READ MORE: Former GP diagnosed with Alzheimer's ten years ago on the six-point plan that has kept her well
Mr Pearson said the charity hoped the issue would be addressed following the publication of a review of adult social care which calls for an overhaul of the contributions system.
Alzheimer Scotland said it welcomed a recommendation that nursing and personal care allowances are raised to a level that is more representative of the cost of care. Derek
Feeley’s recommendation would lead to around a doubling in the current amount.

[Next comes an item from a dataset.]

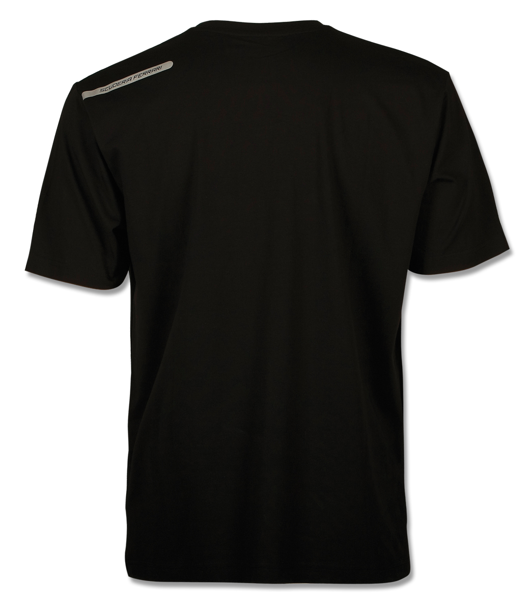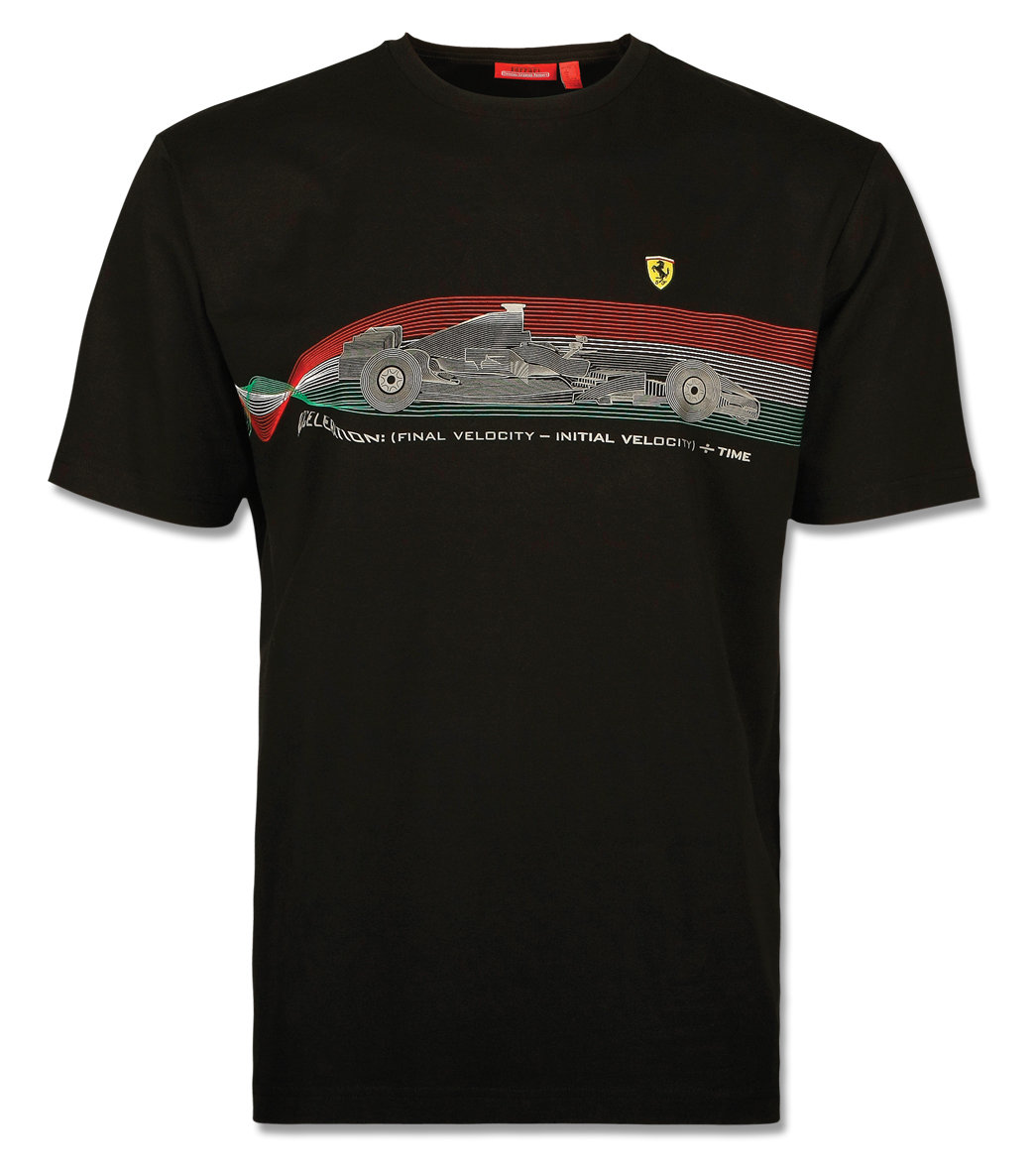 Футболка с изображением болида и эффекта обдува в аэродинамичкеской трубе и небольшим логотипом Ferrari. Сзади на плече надпись Scuderia Ferrari.

Mr Pearson said: “The decision on how long someone self-funds for should be determined by the financial assessments.
“What is happening is some care homes are saying to people, we will only take you if you sign an agreement that you will be able to continue to self-fund for a particular period of time.
“That might a year, it might be three and we have heard of cases where it has been up to five years.
READ MORE: Self-funding care home residents to benefit from 'significantly' higher allowance
“That clearly for some people is not feasible. If they ask for someone to sign an agreement for one or two years, when in fact they would only be self-funding for eight or nine months, then that person will run out of money and they will use up all their capital.
“If for example, you have £60,000, the local authority should look at that and should be able to anticipate that perhaps within a year your capital will reach this limit of £28,500 - by which time you should receive public funding.
“What would normally happen then is that the local authority would re-do the assessment and step in and there would be a contract with the care home.”
Mr Pearson said it was an issue the charity had been aware of for some but said there was “no doubt” it was on the rise.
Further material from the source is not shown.